WHAT YOU HAVE TO DO =>
Of the lines below, write out exactly those from the line with "Corte a en 3" through the line with "9月24-26日,由中國化學", both included, and skip the rest.

BEGIN

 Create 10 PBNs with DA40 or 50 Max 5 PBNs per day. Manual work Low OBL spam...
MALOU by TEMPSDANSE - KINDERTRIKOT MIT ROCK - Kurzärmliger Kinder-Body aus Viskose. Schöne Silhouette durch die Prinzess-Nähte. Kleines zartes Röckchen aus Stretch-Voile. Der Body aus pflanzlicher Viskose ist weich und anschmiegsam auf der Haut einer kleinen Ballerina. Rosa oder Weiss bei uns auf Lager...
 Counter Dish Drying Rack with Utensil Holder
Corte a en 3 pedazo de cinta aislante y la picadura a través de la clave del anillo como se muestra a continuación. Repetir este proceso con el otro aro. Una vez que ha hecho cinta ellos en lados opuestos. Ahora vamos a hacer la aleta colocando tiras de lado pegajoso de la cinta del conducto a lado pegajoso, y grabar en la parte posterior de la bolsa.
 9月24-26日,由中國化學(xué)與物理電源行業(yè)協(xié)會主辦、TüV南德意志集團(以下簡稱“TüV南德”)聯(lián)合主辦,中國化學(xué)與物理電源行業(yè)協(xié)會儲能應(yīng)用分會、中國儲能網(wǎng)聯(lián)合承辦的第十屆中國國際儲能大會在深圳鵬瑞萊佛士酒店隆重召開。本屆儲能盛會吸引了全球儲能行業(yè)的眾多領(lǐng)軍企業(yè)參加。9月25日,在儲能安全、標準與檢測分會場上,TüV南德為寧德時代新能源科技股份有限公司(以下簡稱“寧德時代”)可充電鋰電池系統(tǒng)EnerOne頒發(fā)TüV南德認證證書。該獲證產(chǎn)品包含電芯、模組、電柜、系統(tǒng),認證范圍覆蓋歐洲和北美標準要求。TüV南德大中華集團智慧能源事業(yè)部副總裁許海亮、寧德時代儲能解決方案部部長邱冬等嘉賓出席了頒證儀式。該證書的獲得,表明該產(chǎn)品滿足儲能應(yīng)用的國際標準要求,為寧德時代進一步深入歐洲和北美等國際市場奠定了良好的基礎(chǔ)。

END
BEGIN

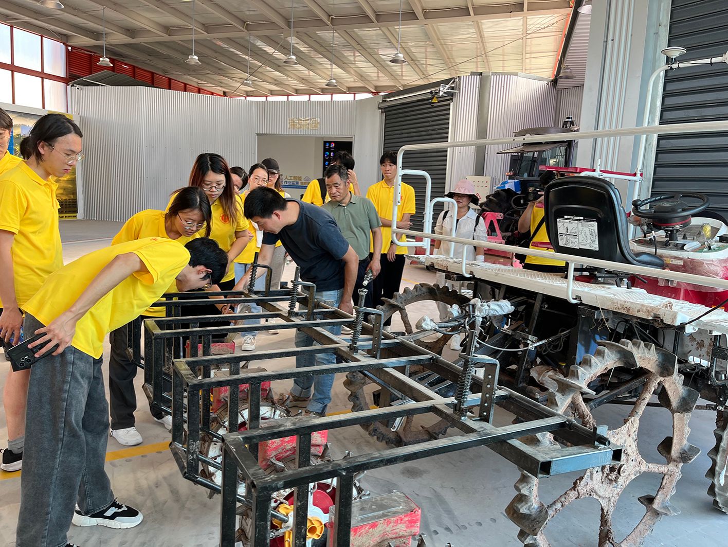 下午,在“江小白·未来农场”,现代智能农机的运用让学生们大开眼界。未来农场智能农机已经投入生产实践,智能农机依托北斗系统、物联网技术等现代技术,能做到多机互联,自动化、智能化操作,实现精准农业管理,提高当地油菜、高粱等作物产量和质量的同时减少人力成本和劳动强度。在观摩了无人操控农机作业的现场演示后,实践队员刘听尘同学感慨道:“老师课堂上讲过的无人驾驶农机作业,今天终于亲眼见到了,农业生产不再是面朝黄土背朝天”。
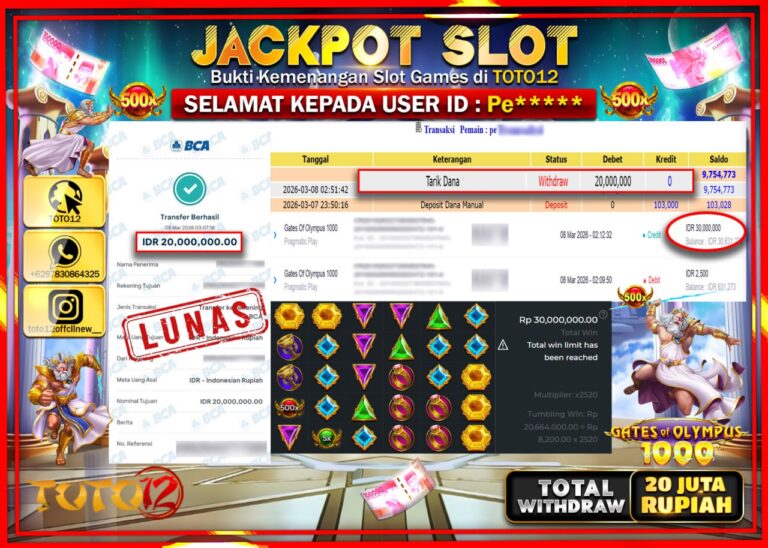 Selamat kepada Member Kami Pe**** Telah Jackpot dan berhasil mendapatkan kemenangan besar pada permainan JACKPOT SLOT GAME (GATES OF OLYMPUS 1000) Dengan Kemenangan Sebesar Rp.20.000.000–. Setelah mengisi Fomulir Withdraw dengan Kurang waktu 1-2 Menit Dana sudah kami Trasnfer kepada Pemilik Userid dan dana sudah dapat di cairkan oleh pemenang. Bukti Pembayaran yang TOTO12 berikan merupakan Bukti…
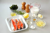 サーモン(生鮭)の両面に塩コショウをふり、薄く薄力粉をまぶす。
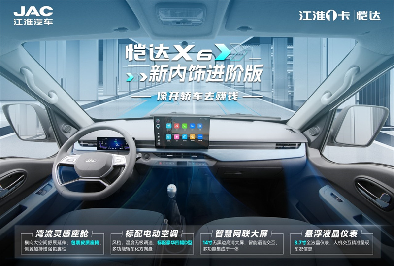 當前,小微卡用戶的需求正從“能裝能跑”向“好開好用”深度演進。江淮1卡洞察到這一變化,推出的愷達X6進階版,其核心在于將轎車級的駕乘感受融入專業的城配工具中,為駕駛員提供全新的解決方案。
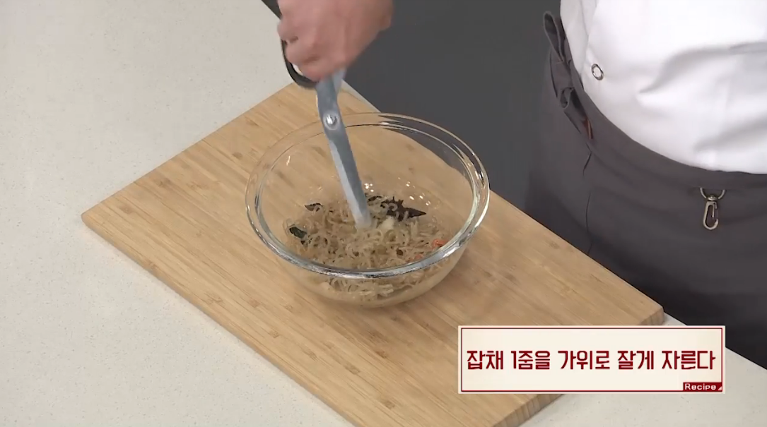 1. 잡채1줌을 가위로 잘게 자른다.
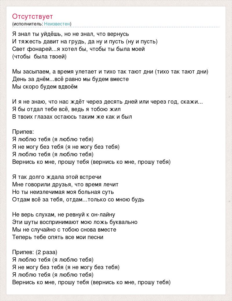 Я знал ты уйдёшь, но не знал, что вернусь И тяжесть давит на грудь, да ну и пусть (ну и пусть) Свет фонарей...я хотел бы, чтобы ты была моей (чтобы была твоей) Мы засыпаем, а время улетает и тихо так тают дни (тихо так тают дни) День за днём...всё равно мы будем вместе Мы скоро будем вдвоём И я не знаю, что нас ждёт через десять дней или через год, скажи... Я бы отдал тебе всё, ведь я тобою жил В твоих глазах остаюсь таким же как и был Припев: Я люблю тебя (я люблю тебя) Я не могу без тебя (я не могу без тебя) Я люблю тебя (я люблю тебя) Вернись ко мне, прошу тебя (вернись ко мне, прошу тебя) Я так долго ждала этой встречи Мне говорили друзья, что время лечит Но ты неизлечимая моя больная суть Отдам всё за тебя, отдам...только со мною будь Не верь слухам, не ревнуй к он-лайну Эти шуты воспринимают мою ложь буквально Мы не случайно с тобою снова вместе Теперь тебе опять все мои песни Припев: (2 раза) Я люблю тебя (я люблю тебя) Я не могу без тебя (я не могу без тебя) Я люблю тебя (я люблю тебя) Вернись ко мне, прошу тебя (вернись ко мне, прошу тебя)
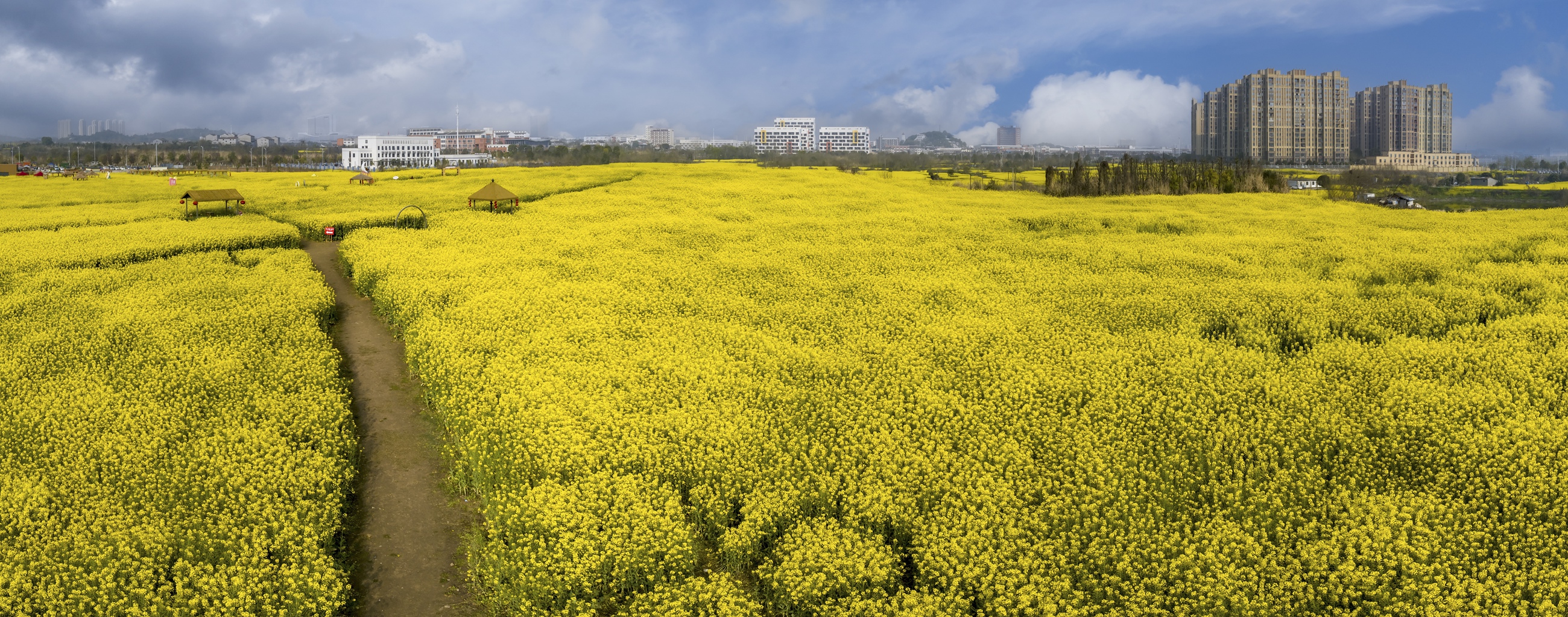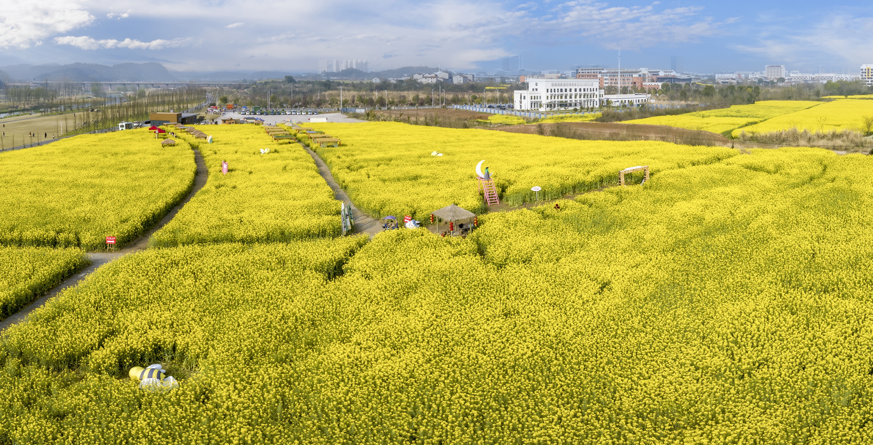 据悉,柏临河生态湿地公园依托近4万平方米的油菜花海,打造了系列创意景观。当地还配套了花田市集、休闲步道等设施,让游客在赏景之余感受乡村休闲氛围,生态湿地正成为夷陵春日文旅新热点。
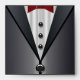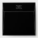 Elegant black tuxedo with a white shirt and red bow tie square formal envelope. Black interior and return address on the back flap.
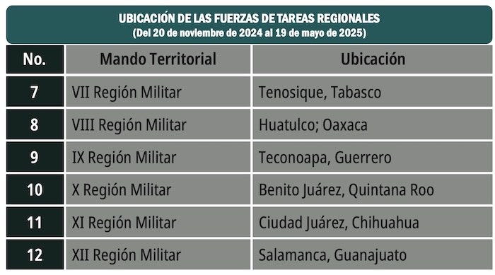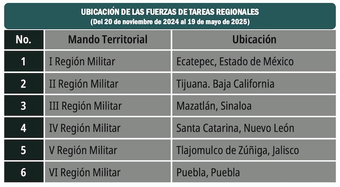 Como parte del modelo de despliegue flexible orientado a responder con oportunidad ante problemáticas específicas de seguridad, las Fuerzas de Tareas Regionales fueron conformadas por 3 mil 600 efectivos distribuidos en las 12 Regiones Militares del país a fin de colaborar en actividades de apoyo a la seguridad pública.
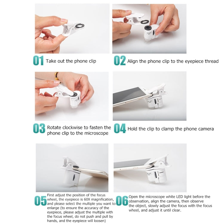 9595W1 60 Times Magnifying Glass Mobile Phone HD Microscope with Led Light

END

EXERCISE RESULT =>
Corte a en 3 pedazo de cinta aislante y la picadura a través de la clave del anillo como se muestra a continuación. Repetir este proceso con el otro aro. Una vez que ha hecho cinta ellos en lados opuestos. Ahora vamos a hacer la aleta colocando tiras de lado pegajoso de la cinta del conducto a lado pegajoso, y grabar en la parte posterior de la bolsa.
 9月24-26日,由中國化學(xué)與物理電源行業(yè)協(xié)會主辦、TüV南德意志集團(以下簡稱“TüV南德”)聯(lián)合主辦,中國化學(xué)與物理電源行業(yè)協(xié)會儲能應(yīng)用分會、中國儲能網(wǎng)聯(lián)合承辦的第十屆中國國際儲能大會在深圳鵬瑞萊佛士酒店隆重召開。本屆儲能盛會吸引了全球儲能行業(yè)的眾多領(lǐng)軍企業(yè)參加。9月25日,在儲能安全、標準與檢測分會場上,TüV南德為寧德時代新能源科技股份有限公司(以下簡稱“寧德時代”)可充電鋰電池系統(tǒng)EnerOne頒發(fā)TüV南德認證證書。該獲證產(chǎn)品包含電芯、模組、電柜、系統(tǒng),認證范圍覆蓋歐洲和北美標準要求。TüV南德大中華集團智慧能源事業(yè)部副總裁許海亮、寧德時代儲能解決方案部部長邱冬等嘉賓出席了頒證儀式。該證書的獲得,表明該產(chǎn)品滿足儲能應(yīng)用的國際標準要求,為寧德時代進一步深入歐洲和北美等國際市場奠定了良好的基礎(chǔ)。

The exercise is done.